SCB dan BoJ Tahan Suku Bunga
Sementara itu, di Eropa dan Asia, Bank Sentral Eropa (ECB) dan Bank of Japan (BoJ) memilih bertahan dengan suku bunga tetap. Data ekonomi zona euro menunjukkan pertumbuhan sedikit lebih baik dari perkiraan, meski ekonomi Jerman masih stagnan.
Situasi ini menandakan bahwa pemulihan global masih rapuh, dan permintaan minyak belum menunjukkan akselerasi kuat.
Dari sisi fundamental, pasar tetap dibayangi oleh kekhawatiran kelebihan pasokan. Produksi minyak mentah AS mencatat rekor baru, mencapai 13,6 juta barel per hari pekan lalu. Lonjakan ini membuat kedua acuan harga, Brent dan WTI, tertekan sekitar 3 persen sepanjang Oktober.

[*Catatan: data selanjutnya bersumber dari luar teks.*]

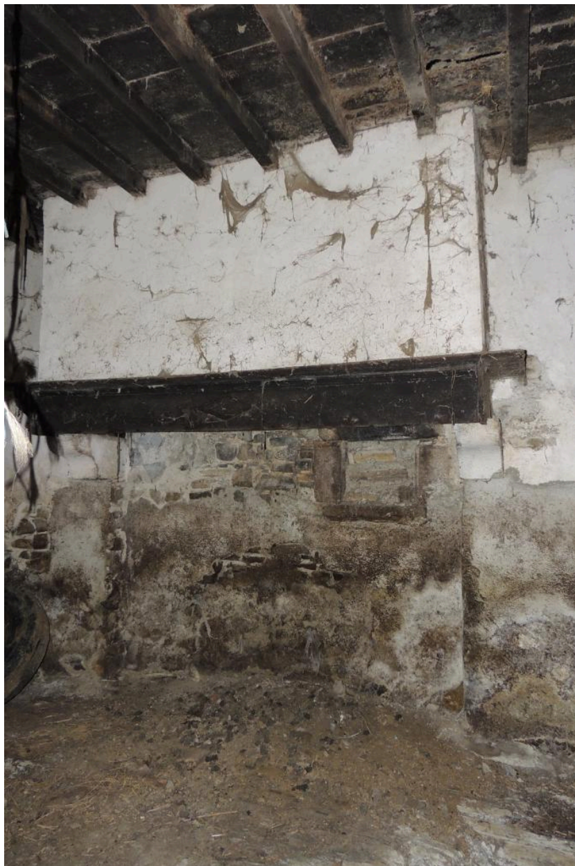
Vue intérieure de l'élévation ouest (cheminée).

Rencana Tambahan Pasokan OPEC+ Tekan Harga Minyak
Tekanan bertambah menjelang pertemuan OPEC+ pada 2 November, di mana aliansi produsen minyak dunia itu diperkirakan menambah pasokan 137.000 barel per hari untuk Desember. Sejak pertengahan tahun, kelompok tersebut telah menaikkan target produksi lebih dari 2,7 juta barel per hari, setara 2,5 persen dari total suplai global.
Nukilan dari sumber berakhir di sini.